ISMARA Frequently Asked Questions:

Q: My favorite transcription factor (TF) is a repressor, what does it mean when ISMARA says it is active?
Q: Why is my favorite TF not listed?
Q: In which order will the samples be shown?
Q: I cannot read the sample labels in the activity plot. They look truncated.
Q: I have replicate experiments. How exactly should I average them?
Q: I am getting an error while uploading expression data: `connection was reset'
Q: I have found ISMARA useful in my research. How to cite ISMARA?
Q: Can I correlate TF expression with motif activity?
Q: Which z-value is significant enough to state that a TF is changing its activity?
Q: I downloaded a sample from NCBI's Gene Expression Omnibus. Why doesn't it work with ISMARA?
Q: I cannot access my results anymore. It says: `page not found'
Q: A microarray of my choice is not currently supported. Will it be in the future?
Q: I uploaded my expression data a couple of hours ago and I still haven't had a result. How long do I need to wait?
Q: Which microarrays would you recommend for me if I want my ISMARA results be as accurate as possible?
Q: Why are only the top 200 target promoters listed? How do I get the full list?
Q: Why is no single global transcription regulatory network plotted?
Q: A motif is associated with a family of TFs. How can I know which one of the family is responsible?
Q: Can I provide NGS reads in some other format than BED?
Q: My BED files are really big. Is it OK to upload them?
Q: What is the definition of a promoter, and how does it relate to Transcription Start Clusters (TSCs)?
Q: Is there ISMARA for yeast, worm or fly?
Q: Replicated experiments don't get similar predicted motif activities in the ISMARA output. Why?
Q: How do I validate ISMARA's predictions in a follow-up experiment?
Q: Can I upload FASTQ files?
Q: I have some other questions which are not listed here.

Q: My favorite transcription factor (TF) is a repressor, what does it mean when ISMARA says it is active?

When a regulatory motif is assigned a positive activity in a given sample, it means that the occurrence of sites for the motif are predicted to lead to an upregulation of the promoter relative to its average expression/chromatin state signal. ISMARA cannot distinguish whether this is due to an increased activity of an activator or a decreased activity of a repressor. Thus, if you are sure that the TFs which bind a motif of your interest are repressors, then high activity in one sample means that these repressors are `less repressing' in that sample compared to other samples. On a page of a regulatory motif there is a section "Activity-expression correlation" where user can see how expression of a transcription factor is associated with the activity of its motif. Often (but not always) this RNA expression profile will show positive correlation with the activities for activators and negative correlation with the activities for repressors.

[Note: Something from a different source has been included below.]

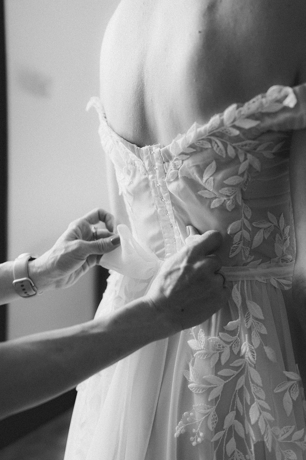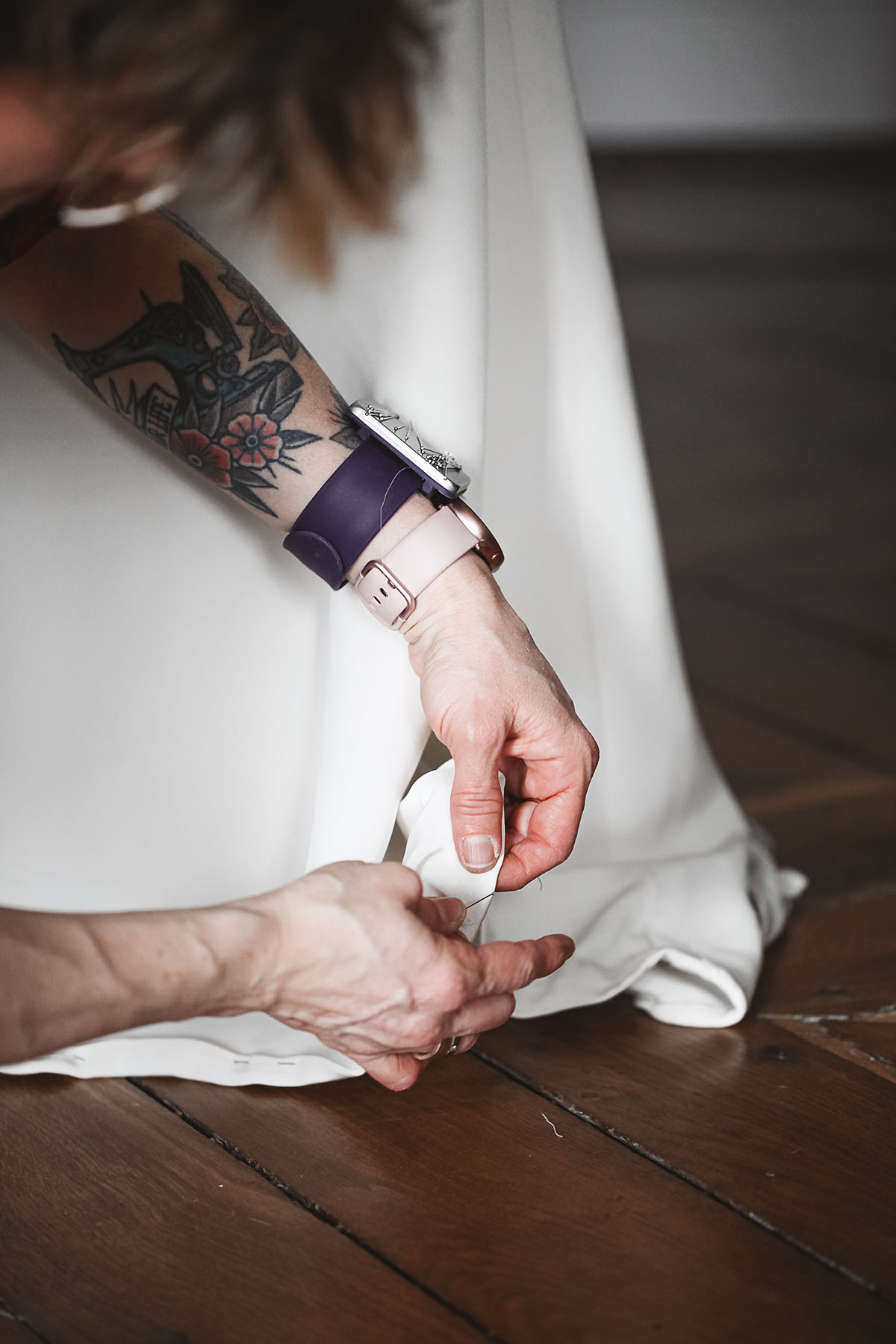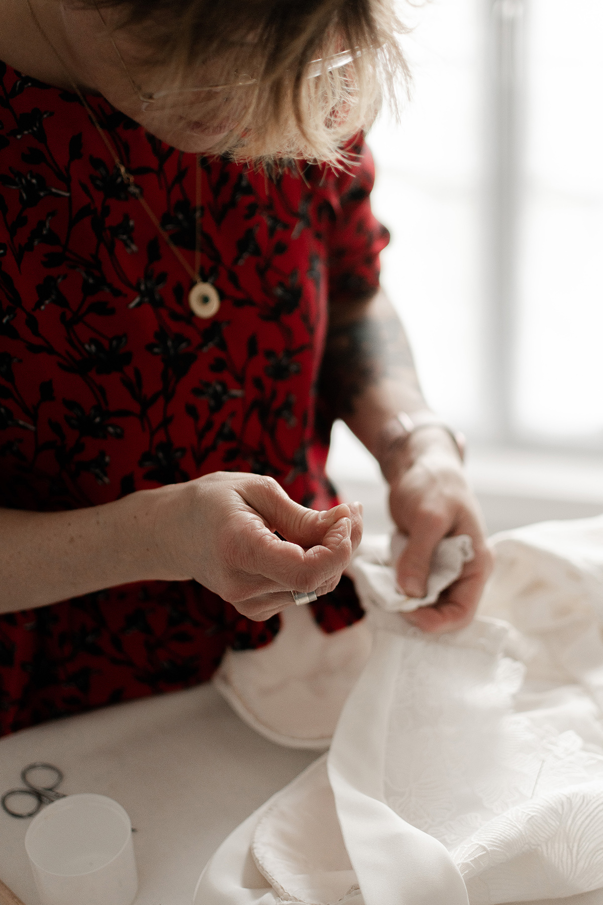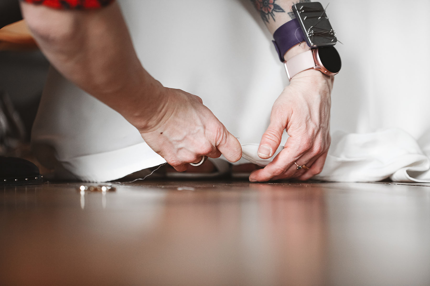 L’ourlet et les finitions de votre robe sont réalisés à l’atelier dans les dernières semaines avant le mariage pour que tout soit parfait le jour J.

Q: Why is my favorite TF not listed?

ISMARA uses a curated list of high quality regulatory motifs that combines data from motif databases, e.g. JASPAR , SwissRegulon , etc. with our own motif finding methods applied to different data-sets. Our motif set is periodically updated to take new experimental data into account. If you believe you have a high quality position-specific weight matrix for a TF currently not represented in ISMARA's collection, please contact us as we would be interested to include it in a future release of ISMARA.

Q: In which order will the samples be shown?

Samples are ordered in alphabetical order by filename. If you want to make sure they are listed in a particular order (e.g. ordered in time), give the files appropriate names, e.g.:
00_control.CEL,
01_perturbation_1h.CEL,
02_perturbation_4h.CEL, ...

Q: I cannot read the sample labels in the activity plot.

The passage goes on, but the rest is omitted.